という話題提供であった。この発表のいちばんのポイントは、d-amphetamineなどのdopamine作動薬が本当に遅延耐性(←じっくり待って後からたくさん貰う)を高めるのか、それとも本当は固執性を高めるているだけであってこれまでの薬物効果の確認方法に問題があったのかを検証しようとするものであり、学界で認められればかなりの反響を呼ぶ可能性があるように思われた。

 リンク先にもあるように、この種の効果確認では、直後に呈示される少量の報酬(SS報酬)と遅延後に呈示される多量の報酬(LL報酬)の間の選択において、後者の遅延時間をセッション内で段階的に長くする手続き(=累積遅延法と呼ばれる極限法の上昇系列のみのテスト)が用いられてきた。しかしこの手続きでは、(1)遅延耐性が変化した、(2)はじめに形成されるLL報酬への選好が固執した、の2種類の行動メカニズムが分離できていないという問題があった。

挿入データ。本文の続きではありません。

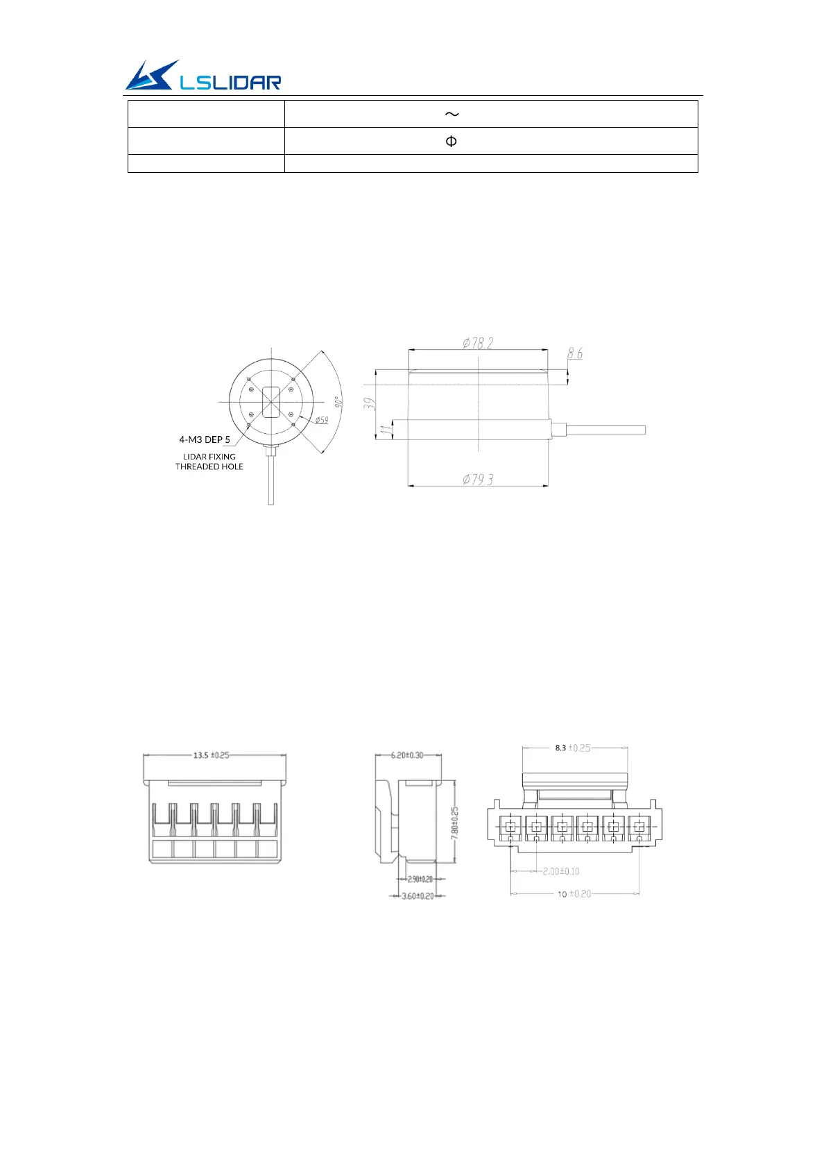 Figure 1.4 Dimensions of Lidar Base Connector (unit: mm)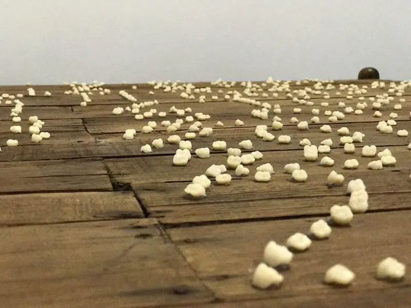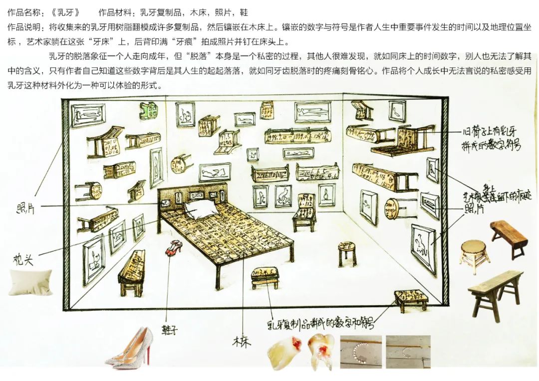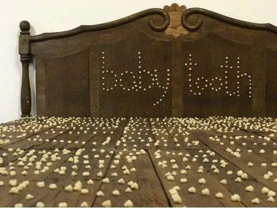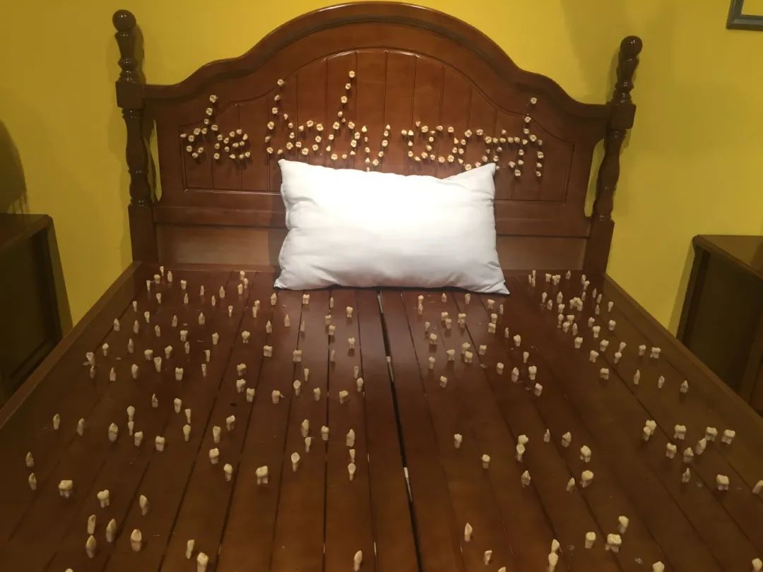 乳牙的脱落象征一个人走向成年,但“脱落”本身是一个私密的过程,其他人很难发现,就如同床上的时间数字,别人也无法了解其中的含义,只有作者自己知道这些数字背后是其人生的起起落落,就如同牙齿脱落时的疼痛刻骨铭心。作品将个人成长中无法言说的私密感受用乳牙这种材料外化为一种可以体验的形式。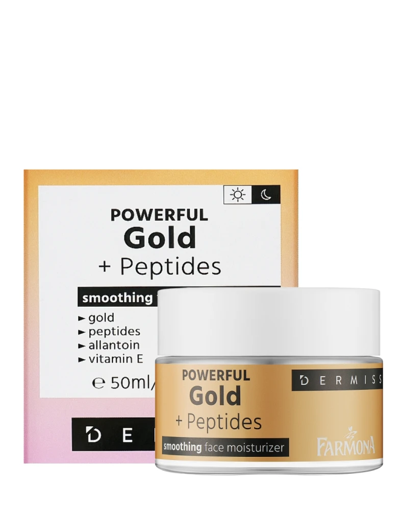 Омолаживающий крем для лица Dermiss Powerful Gold and Peptides Smoothing Face Moisturizer с золотом и пептидами обладает разглаживающим и увлажняющим действием. Крем повышает упругость и эластичность кожи, оказывает омолаживающий эффект, питает и увлажняет, устраняет сухость и дряблость, придает сияние коже и гладкость. Уменьшает выраженность мелких морщин и глубину крупных заломов, успокаивает, оказывает антиоксидантный эффект, предупреждая старение кожи.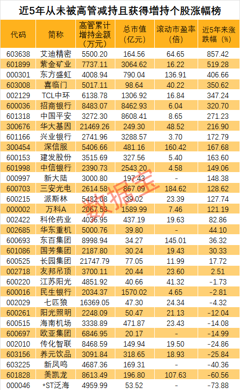 梳理发现,重要股东没有减持、高管不断增持的股票并不多。数据宝从另一个角度出发,即高管近年来从未减持且大举增持的个股,这类同样得到“内部人士”关照有加的股票,表现又如何呢?
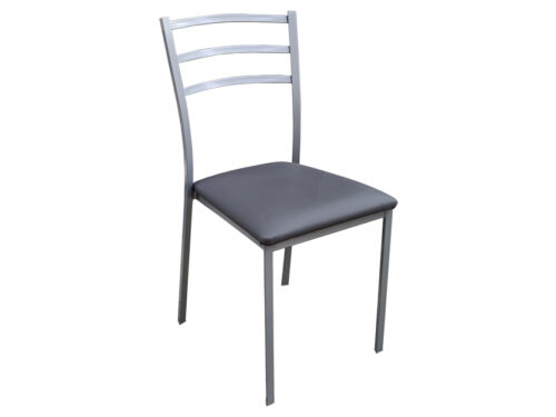 Καρέκλα μεταλλική ΤΡΙΓΩΝΙΚΗ ασημί με δερματίνη μαύρη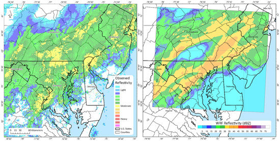 The precipitation timing occurred in two distinct waves or modes. The first was brief and entered the domain around 0000 UTC on 6 February (not shown) and the second, more significant period approached the urban corridor around 1800 UTC on 6 February. Figure 5 shows a comparison of observed precipitation from the NOAA radar sites and the derived reflectivity from the control simulation. The timing and spatial coverage of precipitation is presented well. There are some issues with modeled areal coverage of the highest precipitation rates compared to observations, but the upper limit of precipitation intensity is captured well. It is useful to note that model simulations rarely produce every detail of the quantitative precipitation field. Since precipitation is heterogeneous, unlike more slowly evolving fields like temperature and wind, the simulations depend heavily on model-specific factors (i.e., microphysics, resolution, domain selection, initial conditions, etc.). A review of modeled surface temperatures is also consistent with station-based observations. Considering the temperature-sensitive nature of the BLUHI and the appropriate simulation of precipitation timing, these two factors are deemed to be sufficient. Figure 5 shows a comparison of the observed Doppler composite over the domain and the simulated reflectivity at 1800 UTC on 6 February 2004.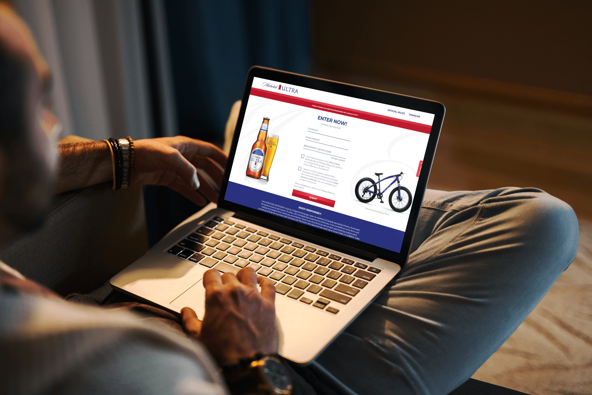 A contest site that allows users to enter a draw to win prizes from Michelob Ultra.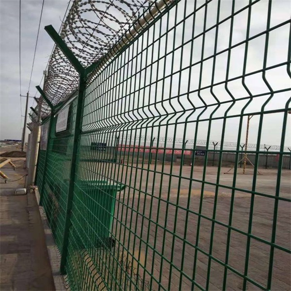 機場焊接鋼絲網(wǎng)圍界規(guī)格參考:絲徑:4mm-6mm, 網(wǎng)孔:50*100mm 高度:1.8-3m 寬度:2-3m 頂部加防爬刺滾網(wǎng),另外一種焊接的防護隔離圍界是用刀片刺網(wǎng)直條焊接而成的,網(wǎng)孔一般為:75*150mm ,高度和寬度(同上),這種用刀片直條焊接的機場防護圍界,具有更好的防攀爬防隔離效果。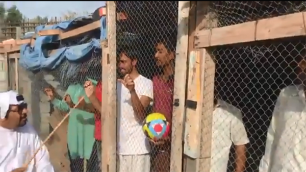 அபுதாபியில் நடந்த ஆசிய கால்பந்து தொடரின் நேற்றைய ஆட்டத்தில் இந்திய அணி 2-0 என்ற கோல் கணக்கில் தோற்றது. இந்நிலையில், போட்டு தொடங்குவதற்கு முன்பாக வீடியோ ஒன்று வெளியானது. அந்த வீடியோவில், சில இந்தியர்களைப் பறவைக் கூண்டில் அடைபட்டுக் கிடக்கின்றனர்.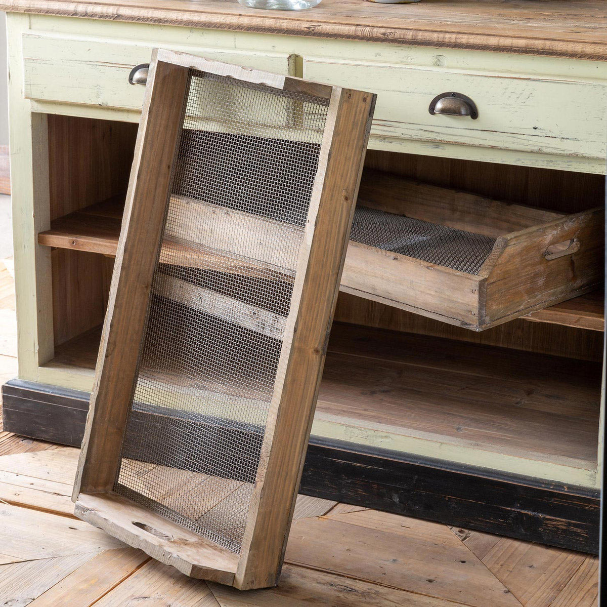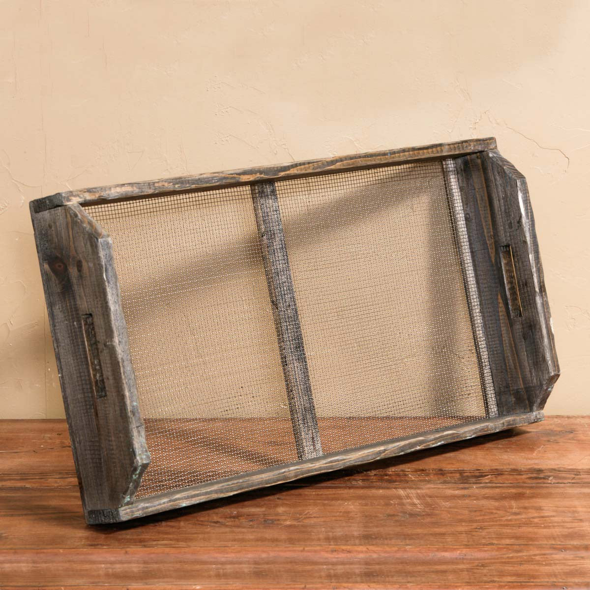 Ideal for display, this French nursery flat features an aged wooden frame and wire screen bottom. Perfect for use in the garden or use in the house for decor, displayed with flowers or books.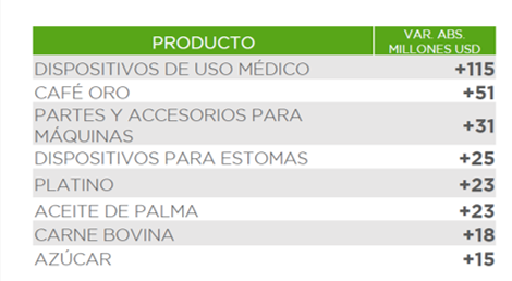 Finalmente, en términos de mercados, se presenta un crecimiento en América del Norte (+3%), explicado por aumento en los envíos de dispositivos médicos, aceite de palma y café oro; en Asia (+6%) por azúcar, carne bovina y carne de cerdo; y América del Sur (+12%) por jarabes para bebidas, dispositivos para estomas, pilas y baterías.
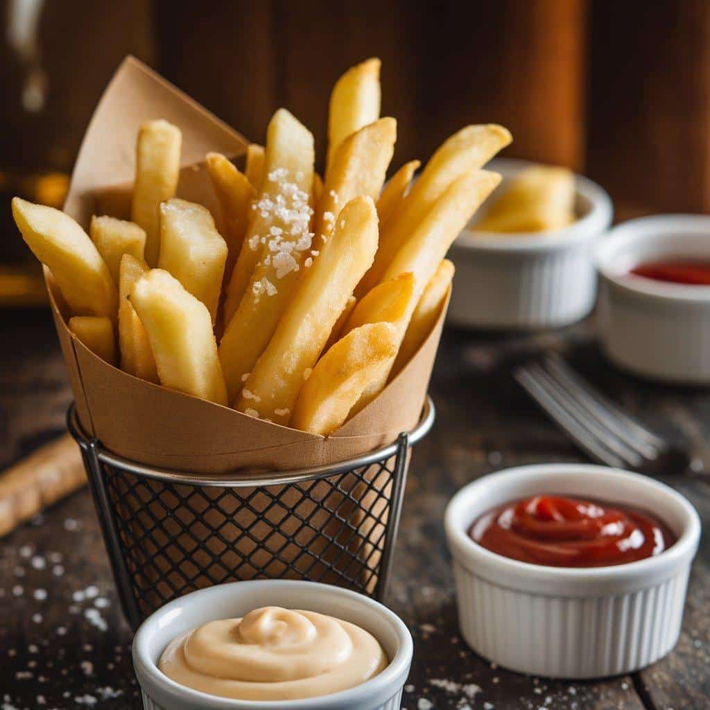 • Serving Style: Frites are typically served in a generous portion, often in paper cones or baskets, and accompanied by mayonnaise or ketchup for dipping.

 私が理解できた範囲でこれを分かりやすく説明すると以下のようになる。まずここでは、あくまで仮想のデッカイ話として、ゾウが被験動物であったとする。ゾウが鼻先で左のドアを叩くと5個のリンゴが貰える。いっぽう右のドアを叩くと、1分待ってから 10個のリンゴが貰える。ゾウは1分待ちの比較では右側の10個のほうを選ぶかもしれないが、待ち時間を2分、3分と少しずつ増やしていくと(=上昇系列)、いずれは、我慢するのを止めて左側の5個のほうを選ぶかもしれない。これが、dopamine作動薬によってどう変わるのかを調べるというのがこの種の実験である。しかし、この薬によって、遅延時間が延びてもなお右側を選び続ける傾向が高まったとしても、それが辛抱強く待つという傾向が高まったためなのか、それとも、同じ右側を選び続けるという固執性が高まったのかは判別できない。よって、厳密に検証するには、左側を選ぶという長大な遅延時間からスタートして、少しずつ遅延時間を短くしていって、どのくらい短くすれば右側にチェンジするかという下降系列でもテストしなければならない。しかし、伝統的な効果確認方法では、上昇系列でしかチェックされていなかったという問題があった。

次回に続く。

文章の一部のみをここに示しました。